Nihon Rōdō Sōdōmei
- Abbreviation: Sōdōmei
- Predecessor: Yūaikai
- Merged into: Sangyō Hōkoku Undō
- Formation: August 1919
- Dissolved: 21 July 1940
- Type: Trade union federation
- Headquarters: Tokyo, Japan
- Members: 96,926 (1936)
- Key people: Suzuki Bunji Matsuoka Komakichi Nishio Suehiro Asō Hisashi Akamatsu Katsumaro
- Publication: Rōdō (Labor)
- Affiliations: Shakai Minshūtō (1926–1932) Socialist Mass Party (1932–1940)

= Sōdōmei =

Japanese trade union federation (1919–1940)

The Japan General Federation of Labor (日本労働総同盟), or Sōdōmei for short, was the most significant federation of trade unions in interwar Japan. Founded in 1919 as an outgrowth of the cooperative Yūaikai ("Friendly Society"), the Sōdōmei evolved into the dominant force in the moderate, reformist wing of the Japanese labor movement.
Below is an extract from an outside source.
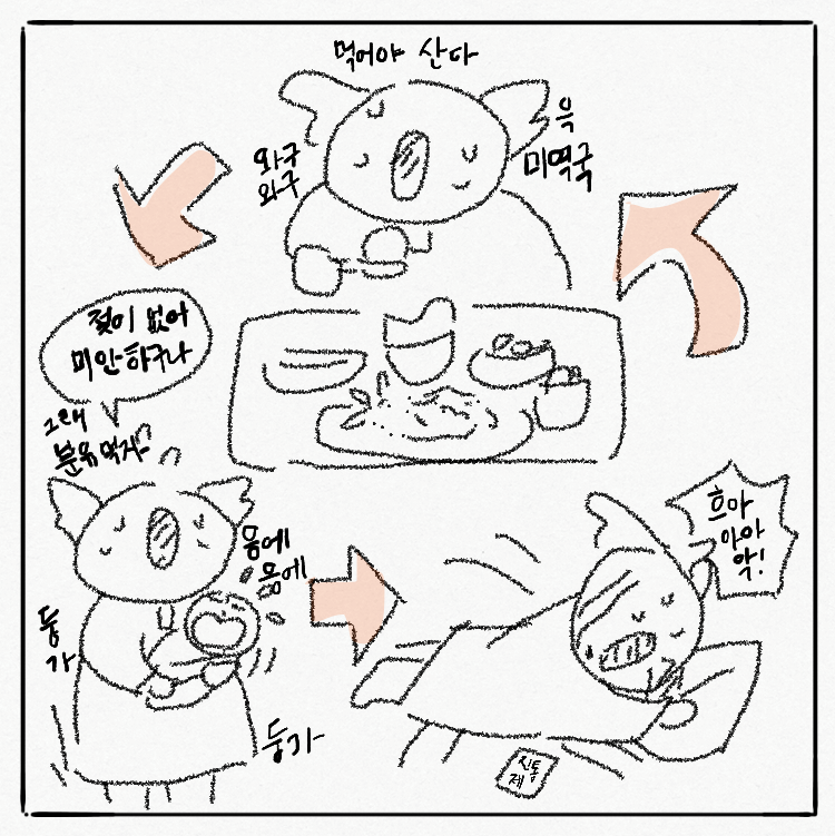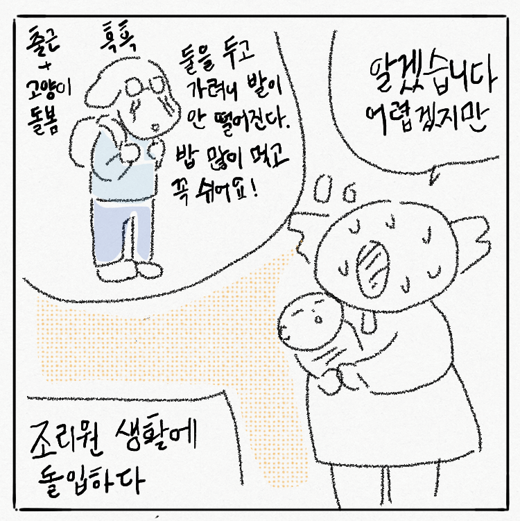 그 무렵에는 모유 수유를 포기하지 않으려는 일념으로 유방 마사지를 하고, 유축도 틈 나는 대로 했다. 밥은 말할 것도 없이 다 먹었다. 밥때가 되면 밥상을 문가에 두고 방문을 활짝 열어뒀다. 그런데 나로 말할 것 같으면 모두가 충분히 남기는 와중에 모조리 털어마시고 가장 아파했다. 조리원 직원들은 그런 나를 이상히 여겼음이 분명하다. 하지만 나의 고양이들을 걸고 맹세코 거짓 없이 아팠다. 종교에 귀의하고 싶었다. 정말로 영양섭취와는 별개로 건강이 회복되는 느낌이 없었기에 당사자인 나는 허탈했다.

Throughout its history, it navigated a complex political landscape, shifting its ideology from cooperative business unionism to a politically engaged "realist socialism" in the 1920s, and later retreating to a defensive, non-political "sound unionism" amidst the Great Depression and rising militarism of the 1930s.

The Sōdōmei's history was marked by intense internal and external conflicts. In its early years, it fought ideological battles against anarchist and syndicalist factions, affirming a commitment to parliamentary politics and centralized organization. A more significant and lasting struggle emerged with the rise of the Japanese Communist Party in the early 1920s. This conflict culminated in the 1925 split, when the federation expelled its communist-led unions, which then formed the rival, left-wing Hyōgikai (Council of Japanese Labor Unions). The subsequent rivalry between the moderate Sōdōmei and the militant Hyōgikai defined the Japanese labor movement for the remainder of the decade.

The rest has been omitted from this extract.